|
Main
- books.jibble.org
My Books
- IRC Hacks
Misc. Articles
- Meaning of Jibble
- M4 Su Doku
- Computer Scrapbooking
- Setting up Java
- Bootable Java
- Cookies in Java
- Dynamic Graphs
- Social Shakespeare
External Links
- Paul Mutton
- Jibble Photo Gallery
- Jibble Forums
- Google Landmarks
- Jibble Shop
- Free Books
- Intershot Ltd
|
books.jibble.org
Previous Page
| Next Page
Page 53
Gerrit, die zijn vrouw voortdurend het woord liet doen en nog steeds
met de uiterste verbazing op zijn gezicht stond toe te kijken,
knikte toestemmend.
"Neen, neen!" riep Elsje angstig. "Ik kan niet weer terug, wezenlijk
niet, och, geloof mij toch! En tante zal niet ongerust zijn, want
zij denkt dat ik al in bed lig. Laat mij hier blijven van nacht, als
't je blieft, als 't je blieft!
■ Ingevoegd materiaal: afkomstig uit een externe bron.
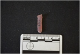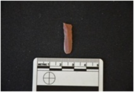 | Description / विवरण | Moss agate blade has a midridge on dorsal side, striking platform, bulb on ventral side, use-wear marks on cutting edges and triangular cross-section. |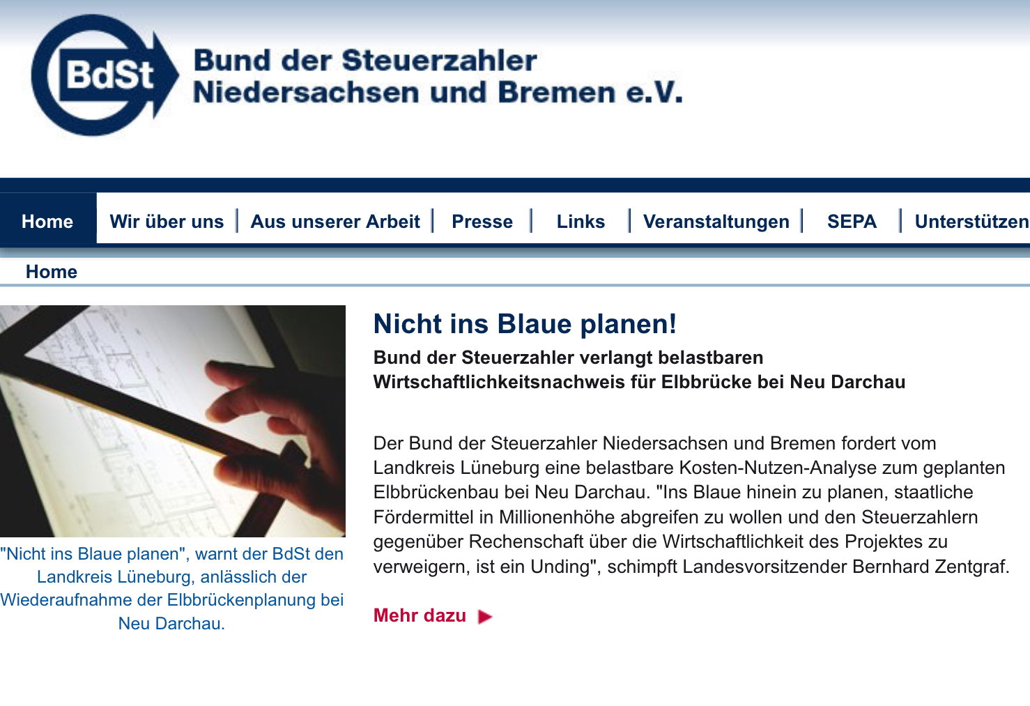Unter der Headline „Nicht ins Blaue planen!“ steht die Kritik des Bundes der Steuerzahler auf der Homepage.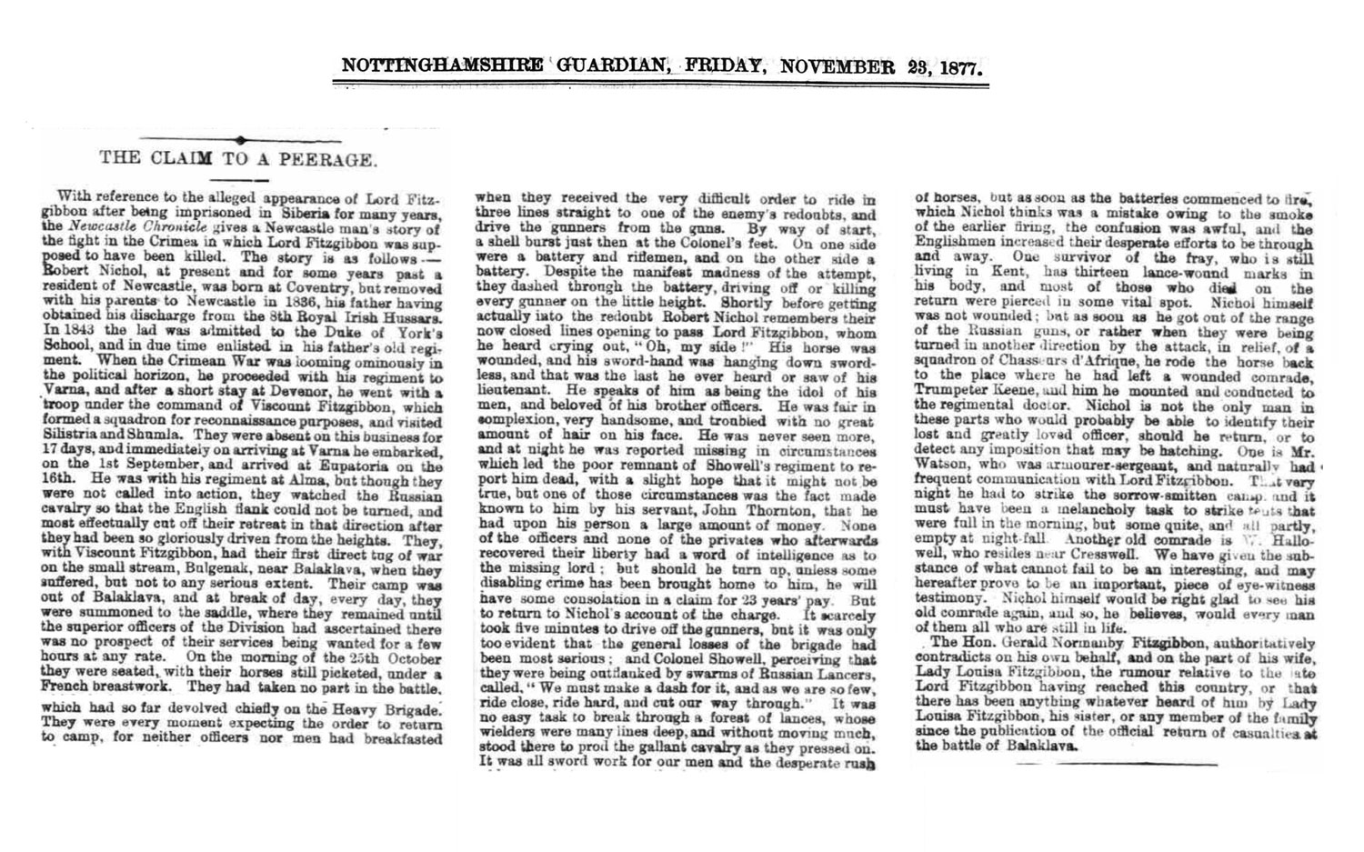 Freeman's Journal and Daily Commercial Advertiser (Dublin, Ireland), Friday, November 23, 1877;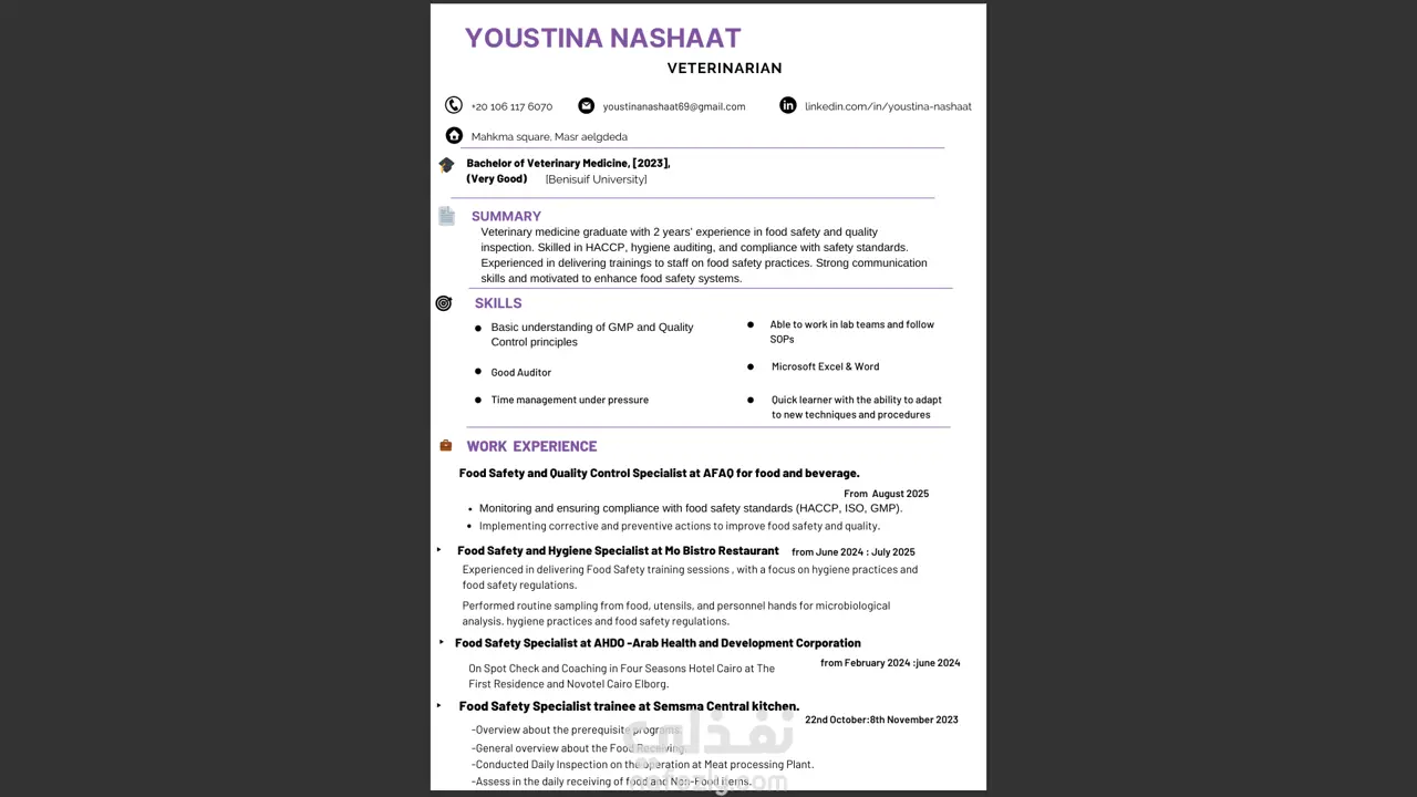 هل تبحث عن سيرة ذاتية احترافية تزيد من فرصك في الحصول على مقابلات العمل؟ سأقوم بإنشاء سيرة ذاتية (CV) متوافقة مع أنظمة الـATS بحيث تمر بسهولة من أنظمة فلترة السير الذاتية وتصل مباشرة إلى مسؤول التوظيف. اللغات المتاحة : العربية أو الإنجليزية (حسب الطلب) مميزات الخدمة 1- سيرة ذاتية ابداعية تضمن لك التميز لاي وظيفة 2- تصميم وفق المعايير العالمية ماذا ستحصل عليه؟ 1- CV احترافي منسق وجذاب صفحة واحدة فقط. 2- متوافق مع أنظمة ATS لضمان وصوله لأصحاب العمل. 3- إبراز خبراتك ومهاراتك بشكل قوي ومؤثر. 4- تسليم بصيغة PDF. سعر الخدمة: - 5 دولار للصفحة الواحدة - اذا اردت الملف المفتوح للتعديل : 10$

Morgen zal ik weer weggaan...."
Er was niets met haar te beginnen. Zij was zoo over stuur en zoo
angstig bevreesd dat men haar haar zin niet zou geven, dat de vrouw
eindelijk hoofdschuddend toegaf, haar in Gerrit's gemakkelijken stoel
bij de tafel duwde en zei:
"Nu, nu, blijf hier dan maar van nacht. Rust nu maar eens even uit
en probeer wat kalmer te worden."
Toen ging zij met haar man de kamer uit.
"Wij moeten haar in vrede's naam van nacht maar hier houden," zei
ze. "Het arme kind is heelemaal in de war. Het is te hopen dat die
tante van haar werkelijk niet ongerust over haar is. Als ze nu van
nacht eens goed geslapen heeft, zal ze morgen wel wat handelbaarder
zijn. Ze kan natuurlijk toch niet reizen in die jurk; ze heeft niet
eens een hoed en mantel bij zich en wie weet, of ze wel reisgeld heeft
meegenomen! Ze schijnt opeens weggeloopen te zijn. Ze ziet er als een
echte jongejuffrouw uit nu met die mooie kleeren, heel anders dan toen
ik haar voor 't eerst zag. Toen leek ze een gewoon burgermeisje. Het
is een raadselachtige geschiedenis, Gerrit; misschien komen we er
morgen achter. Er is nu niets uit het arme kind te krijgen. Ik moet
haar maar gauw in bed stoppen. Gelukkig dat Jan net voor vier dagen
naar zijn ouders is, nu kan ze in zijn bed slapen."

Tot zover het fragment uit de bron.